Variant library construction
Custom DNA variant libraries designed, synthesized, cloned, and quality-controlled for direct coupling to yeast or mammalian display platforms. From single-site saturation to large-scale combinatorial panels.
Discuss your library design →The quality of your library determines the quality of your hits
Variant libraries are the starting material for every display screening campaign, directed evolution experiment, and deep mutational scan. A poorly constructed library — biased codons, low diversity coverage, high wild-type contamination — limits what selection can find, regardless of how good your screening platform is.
Ranomics constructs variant libraries with controlled diversity, validated coverage, and direct compatibility with our yeast and mammalian display platforms. Every library is characterized by NGS before screening begins, so you know exactly what you are selecting from.
Four diversification strategies for different engineering goals
Saturation mutagenesis
NNK, NNS, or custom codon mix substitution at defined positions, covering all 20 amino acids at each site. Used for deep mutational scanning, alanine-scanning equivalents, and comprehensive single-site characterization. Typical library sizes of 10⁴-10⁶ variants depending on the number of positions targeted.
Focused combinatorial
Simultaneous diversification at multiple defined positions using degenerate codons or defined codon sets. Enables exploration of epistatic interactions between residues in binding interfaces, active sites, or stability-critical regions. Library sizes can reach 10^12 theoretical diversity, with practical screening coverage matched to the display platform.
Error-prone PCR
Random mutagenesis across the full gene or a defined region at controlled mutation rates (1-5 mutations per gene). Unbiased exploration of sequence space for directed evolution campaigns where the beneficial positions are unknown. Libraries of 10⁶-10⁸ unique variants.
Computationally designed pools
Defined variant sets from computational protein design tools — RFdiffusion backbone designs, BindCraft-optimized sequences, or Boltzgen-sampled conformational variants. Synthesized as oligo pools, assembled into full-length genes, and cloned into display vectors for experimental validation of computational predictions.
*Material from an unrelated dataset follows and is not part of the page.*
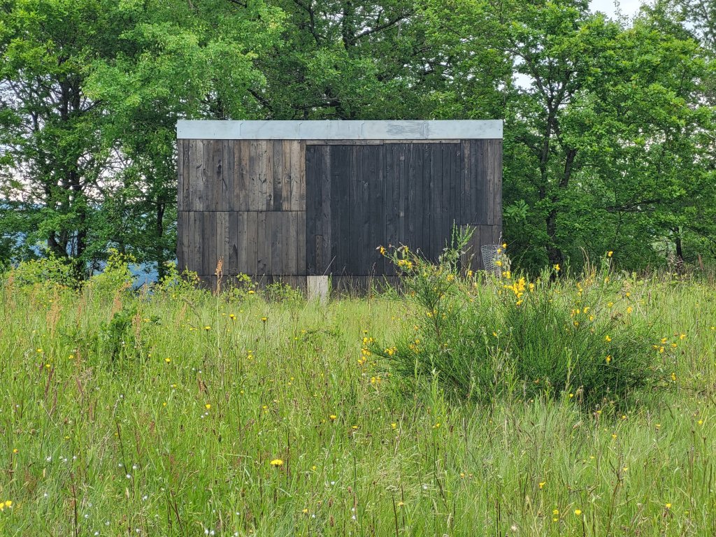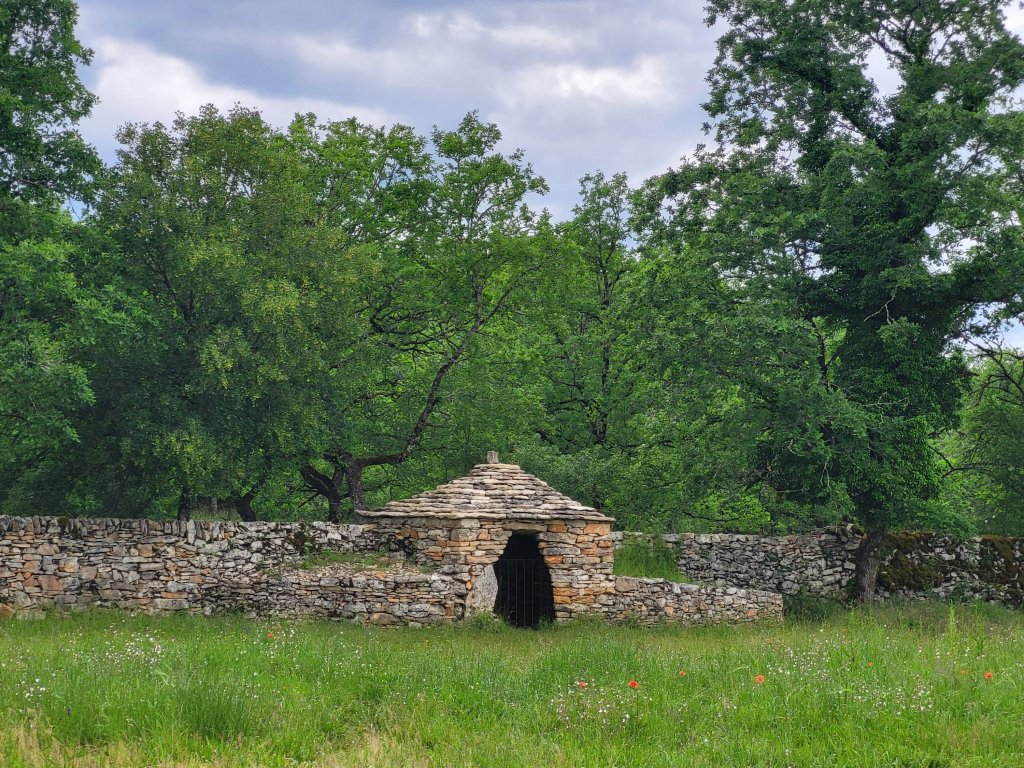 Na een korte pauze bij bien et Toit in Montredon met verse Jus en zelfgebakken coockie pauzeer uitgebreid en lui nabij Quirande, in een weiland vol wilde bloemen. In de beschutting van een stenen huisje is het er nèt aangenaam genoeg om wat te rusten en mijn broodje te eten. Een enkele Pelgrim passeert. Vandaag is de eerste dag sinds zo’n anderhalve week dat ik weer lekker ontspannen wandel. Ik ben weer helemaal fit en de scheenbeen blessure is over!
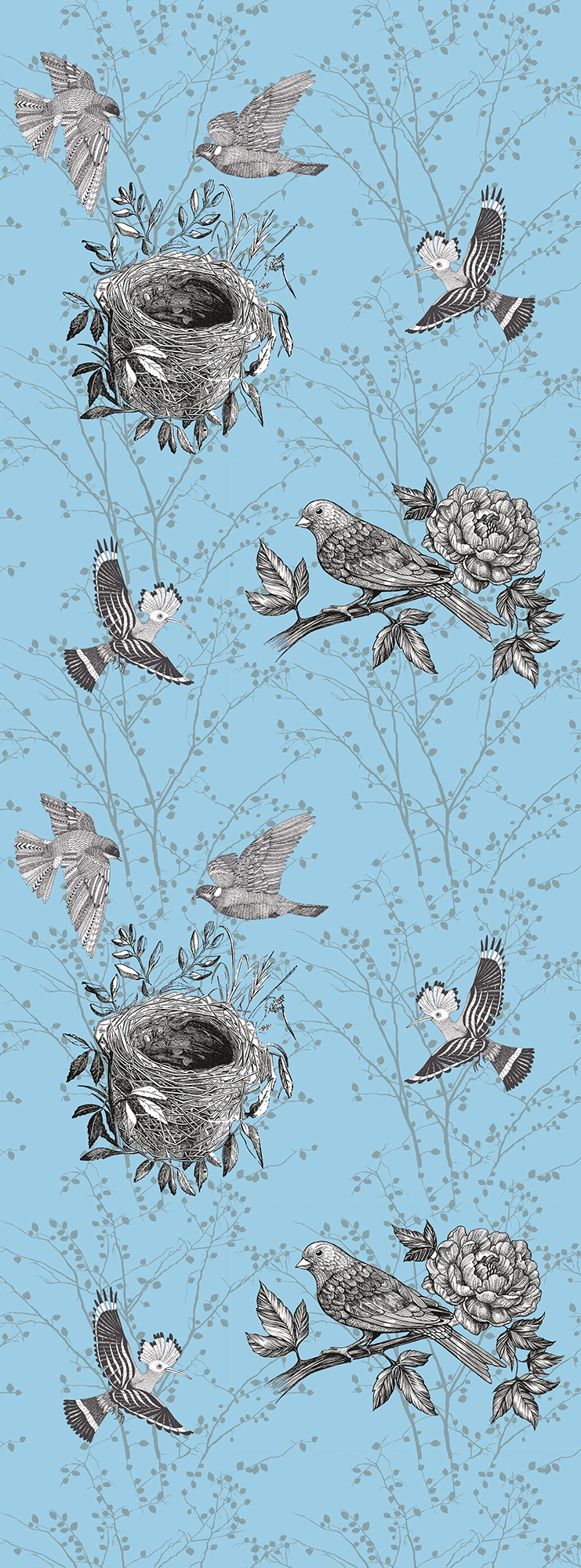 Птичьи гнезда на голубом фоне

NGS-verified libraries with complete QC reports
Every library is sequenced before screening begins. Libraries that fail QC metrics are rebuilt at no additional cost. You never screen a library without knowing what is in it.
Diversity coverage
Fraction of designed variants represented in the library. For saturation mutagenesis, we target greater than 95% coverage of all single-amino-acid substitutions at each position.
Positional bias
Uniformity of codon representation across diversified positions. Detected by NGS and corrected by adjusting oligo pool ratios or synthesis conditions in subsequent builds.
Wild-type contamination
Percentage of wild-type (unmutagenized) sequences in the library. High WT contamination dilutes the effective screening diversity and is a common failure mode in poorly constructed libraries.
Frameshift and stop codons
Frequency of out-of-frame or truncated sequences that will not produce functional protein. Monitored by full-length amplicon sequencing and kept below defined thresholds.
Insert integrity
Verification that the diversified region is correctly inserted into the display vector backbone with intact reading frame, promoter, and surface-anchoring elements.
Sequence accuracy
Per-variant error rate measurement including point mutations, deletions, and insertions introduced during synthesis or assembly. Low error rates ensure that the screened library reflects the intended design.
Libraries built for direct coupling to display platforms
Libraries are cloned into display-ready vectors and can be delivered as plasmid pools or pre-transformed cell stocks, ready for induction and sorting.
Yeast display vectors
Libraries cloned into pYD1, pCTCON2, or custom Aga2p fusion vectors by gap repair or restriction cloning. Delivered as plasmid pools or pre-transformed S. cerevisiae EBY100 stocks. Yeast gap repair cloning enables seamless library insertion without restriction sites, preserving full diversity.
- • Library sizes: 10^6-10^8 unique transformants
- • Delivery: plasmid pool or frozen yeast stock
- • Selection: FACS and MACS compatible
Mammalian display vectors
Libraries cloned into mammalian expression vectors for lentiviral transduction or Cas9-mediated integration in HEK293 cells. Single-copy integration ensures one payload per cell for quantitative screening.
- • Library sizes: 10^5-10^6 unique clones
- • Delivery: plasmid pool or integrated cell stock
- • Best for: full-length IgG, glycoproteins
What you receive
Sequence-verified library
Variant library cloned into your chosen display vector, delivered as plasmid DNA pool or pre-transformed cell stock. Every construct sequence-verified by Sanger or NGS.
NGS QC report
Complete quality control report including diversity coverage, positional bias analysis, wild-type contamination rate, frameshift frequency, and transformation efficiency metrics.
Library design documentation
Full documentation of library design rationale, codon table, diversified positions, expected diversity, and vector map. Sufficient to reproduce or extend the library independently.
Display-ready format
Libraries delivered in a format ready for immediate induction and selection — no additional cloning, transformation, or optimization required on your end.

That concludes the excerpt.